Le tombeau roulant est conduit, à travers le désert, par Vieux et Gros, deux hommes au passé sombre que tout oppose. Leur consigne est claire : le camion doit rester en mouvement. Vingt-quatre heures sur vingt-quatre. Sans autre arrêt autorisé que pour les nécessaires pleins de carburant.
Si les deux hommes dérogent à la règle, ils le savent, ils iront rejoindre la cargaison. Partageant la minuscule cabine, se relayant au volant, Vieux et Gros se dévoilent peu à peu l’un à l’autre dans la sécurité relative de leur dépendance mutuelle.
La route, semée d’embûches, les conduira-t-elle au légendaire Mictlán, le lieu des morts où les défunts accèdent, enfin, à l’oubli ?
L'extrait
« L'aube se lève. À l'horizon, le soleil enflamme les buissons. Le vent fleurit leurs épines d'ordures. Ménage matinal de Dieu. Un coup de frais, toutes fenêtres ouvertes. Le désert mis à aérer. Bientôt, la poussière retombera sur le monde mais, à cette heure, on peut encore croire. Vieux et Gros contemplent ce printemps. Ce ciel-là ne semble pas peser encore trop lourd. Même le soleil a l'air tout neuf, un soleil différent de la veille. Ils s'étirent, fléchissent les jambes, inspirent l'air avant qu'il brûle. Ils font quelques pas et pissent ensemble, sans dire un mot, tentés de fermer les yeux pour mieux profiter de cette éphémère liberté.

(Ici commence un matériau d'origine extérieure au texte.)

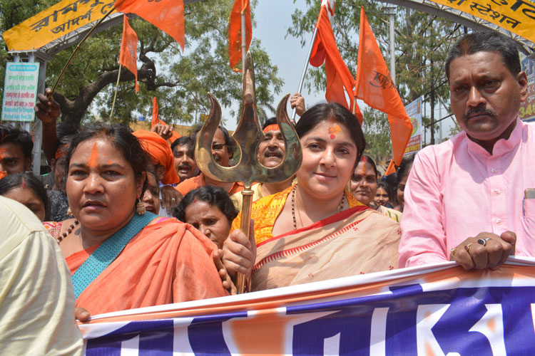 রামপুরহাটে বিজেপির রাম নবমীতে বিজেপি নেত্রী লকেট চট্টোপাধ্যায়। —ফাইল ছবি

Gros allume une cigarette. La station-service est presque déserte. Deux voitures garées, une seule personne dans le magasin. Vieux s'y rend. Gros va à la pompe. Rien ne brise le silence. Le Gouverneur et le Commandant semblent loin. Loin le monde. Loin même la remorque remplie de cadavres. Il y a le désert, le soleil qui se lève, le vent, c'est suffisant.
Gros commence à remplir le réservoir. Des oiseaux passent dans le ciel. Un poids lourd file à toute vitesse sur la route en klaxonnant. Gros se concentre sur les détails. C'est la meilleure façon de profiter de ces quelques minutes volées à l'horreur. Oublier ses cauchemars et les cadavres, oublier ce pays et oublier ce monde. La remorque scintille. Gros a déjà vu ces cercueils en bois blanc avec leurs poignées dorées que s'offrent parfois les gens importants. Une remorque qui scintille, c'est encore mieux. Gros se dit que si on l'enterrait, même les insectes gros comme le poing n'y pourraient rien. Il faudrait des siècles au désert pour ronger cette blancheur immaculée. Gros s'en réjouit pour les cent cinquante-sept cadavres. Là-dedans, après tout ce qu'ils ont subi, ils sont à l'abri, désormais intouchables. Finalement, ce n'est que ça : combien de temps résisté-t-on à la corrosion ? Vivre, c'est gagner du temps. Ce matin, l'air parfaitement clair, la remorque qui scintille et la route toute droite inspirent un trompeur sentiment d'éternité.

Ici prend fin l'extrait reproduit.